On December 3, 2020, Danny Ma held a machine learning panel discussion on pipelines, and where to get started. I attended, and the chat was lively! The panelists indulged the audience, and fielded questions about development, DevOps, operations, and continuous integration/continuous delivery (CI/CD), and clarified that these are actually “pieces” of the pipeline. Depending on your use case, it can be quite a pipeline!
Many ideas were examined – perhaps my favorite being the conceptualization of the machine learning pipe as somewhat like Nintendo’s Mario, who goes down one pipe and resurfaces through another – and sometimes even gets a mushroom!
But there are two takeaways from the machine learning panel discussion that I can speak to directly – and those are:
- Understanding the problem: Having the required vision to really understand the problem that the machine learning pipeline is being design to solve, and
- Understanding the data: Really gaining some subject matter expertise on your data and context.
Machine Learning Panel’s Take on Understanding the Problem
The discussion went around the block a few times until someone pointed out that you really need to understand the problem you are trying to solve with your machine learning model, not to mention your pipeline, before you set anything up. You may have a general idea of what you are trying to do, but you need a detailed idea, because your goal is to make a machine learning model that “beats” whatever the organization is doing right now, and implement that. Even if you beat it by just a little, you can gain a lot of efficiency if we are talking about something like high volume transactions. But what is “a little”, and what exactly are you trying to beat, and how bad is what you are trying to beat now, and so on?
Not having a clear objective of what exact problem you are trying to solve with your technology thing is a big, fat, expensive problem permeating throughout the field of data science.
So, one thing that came out of this machine learning panel is that this is the kind of research you have to do to develop and tune your model in the first place, long before you incorporate it into some sort of pipeline – or tweak the existing pipeline to get your new model in there. Then you have to monitor the model’s performance so it doesn’t drift into unauthorized territory, so again, you really have to know exactly what you are trying to do, and if you are actually doing it.
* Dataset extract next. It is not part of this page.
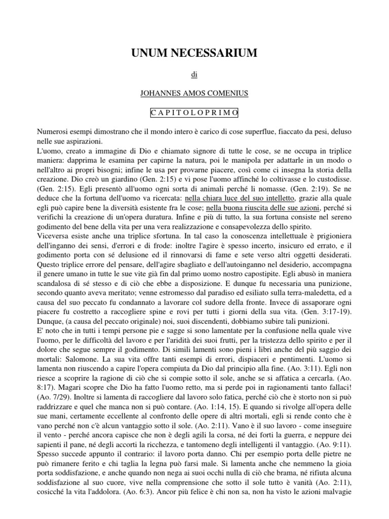 l conduce la via verso i tesori eterni e la magnificenza eterna, se avrete il senso di Cristo e se persisterete fino alla fine. Voi Signore che una volta dicevate a Pietro:"Quando sarai convertito, allora rafforza i tuoi fratelli", ora parlate a me, Vostro servo:"Poich vi siete convertito dal non necessario all'unico necessario, allora insegnate questo anche ai vostri fratelli." Io chiamo fratelli tutti coloro che invocano il nome di Cristo, chiamo fratelli tutti coloro che sono di un unico sangue, tutta la discendenza di Adamo, abitante su tutta la superficie terrestre. La stessa saggezza di Cristo, l'unico necessario, raccomando anche a te, o mio popolo della Moravia, ed ai vicini Cechi, Selesiani, Polacchi ed Ungheresi che furono ospitali nell'accogliermi al tempo del mio esilio e dai quali ricevetti molti benefici, come riconferma dell'unico necessario. Che il Signore vi dia la saggezza e possiate godere i vantaggi dei vostri paesi benedetti a di non farne cattivo uso. "L'eccesso ha gettato la Boemia nella rovina" disse un re saggio* del nord, un sovrano che era nemico dell'eccesso. Ma lo stesso si dovr dire presto pure di te o Polonia, se non ritorni in tempo all'unico necessario, la semplicit. Perch l'inizio dell'ingiustizia di Sodoma era la superbia, l'ingordigia e gli ozi indolenti. (Ezech. 16:49). Infine la capitale dei Paesi Bassi, il luogo mercantile del mondo, mi offr ospitalit per dodici anni. Qui ho avuto occasione, meglio che in qualsiasi altro posto, di notare di quanto si pu fare a meno. Qui mi sono sorti quei pensieri sull'unico necessario. Ardentemente speravo la liberazione dalle migliaia di labirinti che mi circondavano, e fra le migliaia di pietre, che innumerevoli uomini giornalmente rotolano, di non portare pi avanti le pietre delle mie proprie difficolt, ma di riunirle in un quadrato e di fissarle. L appresi pure in mezzo alle folle degli affamati e assetati "Tantalus" che non si saziano mai, di non soffrire pi n di fame n di sete, grazie alla misericordia di Dio. Questo sar durante i prossimi giorni della mia vita, il mio tesoro pi grande e mia suprema gioia. Mi ricordo come al mio arrivo fui ricevuto inizialmente dai primi cittadini con tutti gli onori. Si sperava che la mia presenza potesse significare un particolare progresso nello sviluppo. Spero tuttavia di poter agire secondo l'esempio del Signore che aveva conservato alle nozze di Cana il vino migliore per ultimo, cosicch il mio ultimo dono sar migliore di quanto ci si aspettava da me inizialmente. Spero, quando accadr, che vi saranno dispensieri esperti per pronunziare una sentenza giusta sull'acqua trasmutata in vino. Quale sentenza? La sentenza apostolica! Certo la piet un grande guadagno, congiunta per a moderazione. Infatti, non abbiamo portato nulla in questo mondo e nulla possiamo portarne via. Dunque, quando abbiamo di che mangiare e di che coprirci, accontentiamoci. Al contrario, coloro che vogliono arricchire, cadono nella tentazione, nel laccio ed in molte bramosie insensate e funeste, che fanno andare gli uomini alla rovina e alla perdizione. (al Ti. 6:62). Perci la cosa analoga a quanto la scrittura dice di Babilonia, sia con l'indicazione del nome mistico di quel posto, i cui abitanti sono sparpagliati nel mondo, sia dellantica citt che si trovava in Caldea, che si era abbandonata ad eccessi e ingordigia e che si occupava solamente di raccogliere tesori dal mondo intero, di acquistarli e venderli. (Riv. 18:11-20). Poich ogni societ umana, ogni stato, ed ogni paese aspira con un amore, che diventa ardente passione agli interessi terrestri, si dimentica molto facilmente i beni migliori che sono dal cielo e che sono eterni, si dimentica Dio, la fonte di ogni bene e cade in rovina e declino. "Vino bevuto moderatamente, rafforza la vita degli uomini" dice il saggio Jesus Sirach, ma bevuto in eccesso veleno e morte, e nel vino sono affogati gi pi uomini che nell'acqua. Signore Ges Cristo, tu unico maestro della saggezza, che ci hai dato per sempre la regola dell'unico necessario, ti chiedo due cose, non me le negare, prima che muoia. Non lasciare lontano da me ci di cui ho bisogno per vivere pio e per morire beato. E tieni lontano da me tutto ci che non utile e che non necessario a questo fine. Ma questo ti prego, fa che anche agli altri venga mostrato quanto agiscono follemente, quando si lasciano andare interiormente a faccende inutili e non si preoccupano di ci che invero necessario. Mentre tu inviti tutti ad aspirare all'acqua viva, essi si scavano cisterne, cisterne screpolate che non

In my two-part series of LinkedIn Learning courses, “Designing Big Data Healthcare Studies”, I equip you with the tools to do that very thing. The courses have the word “healthcare” in the title because that is the subject matter focus of the courses, and I teach epidemiological approaches and terms. But to be honest, you don’t have to know anything about healthcare to understand the course, because I use this layperson-intuitive health survey dataset called the BRFSS to demonstrate.
Machine Learning Panel’s Take on Understanding the Data
That was another main thing the machine learning panel pointed out: In order to really understand your model and the pipeline you are building, you pretty much have to totally understand the data. This is because it is very easy to make pretty sizable mistakes if you don’t understand your data well enough.
This is not something I think about as an epidemiologist a lot. When we make mistakes, we screw up public policy and kill thousands of people. But when machine learning designers make mistakes, they screw up business operations, and who knows what happens? I guess people can get killed, but another thing is businesses definitely gets in trouble in many ways.
If you are new in your career, I can’t say this with a sterner voice: You must be very careful you do not end up being written up as a “case study” in machine learning fiascos. To be fair, as new epidemiologist, I was taught at the University of Minnesota that I don’t want to be responsible for zillions of deaths just because I coded an outcome as 1,0 rather than 0,1 and flipped all the odds ratios by accident. So how do you prevent such a bad outcome? Answer: Data curation!
When I mentioned the value of data curation on the machine learning panel, the panel agreed. I have a long history of using data curation as a solution. I started really curating data like crazy when I was working at a health insurance in the early 2000s. This is because I was on a bigger team of developers and analysts, we had a pile of confusing data, and we had many vulnerable insurance members who we could theoretically maim and kill. We served a Medicaid clientele, but we workers ourselves were on the insurance, so I definitely didn’t want to make a fatal mistake!
I found the hardest thing about data curation was trying to explain what it was, and how to do it. The files I made came out looking visually simplistic, but what went into the design and execution was quite complex – kind of like designing and putting together an IKEA bookcase. I didn’t even know what “data curation” was called, so that was another definite barrier.
I began bringing these curation files – diagrams, data dictionaries, flow charts – to our meetings, and I was getting popular! It was kind of like bringing food to meetings!
Our project manager specifically befriended me on purpose because of this. And it really helped us navigate through the project we were on. The machine learning panel talked about ways to make sure you understand your data, and taking notes about it in the form of curation files is one surefire way.
This lively panel discussed many topics around designing and implementing machine learning pipelines. Two main issues were identified. The first is that you really have to take some time to do exploratory research and define the problem. The second is that you need to also understand the business rules and context behind the data.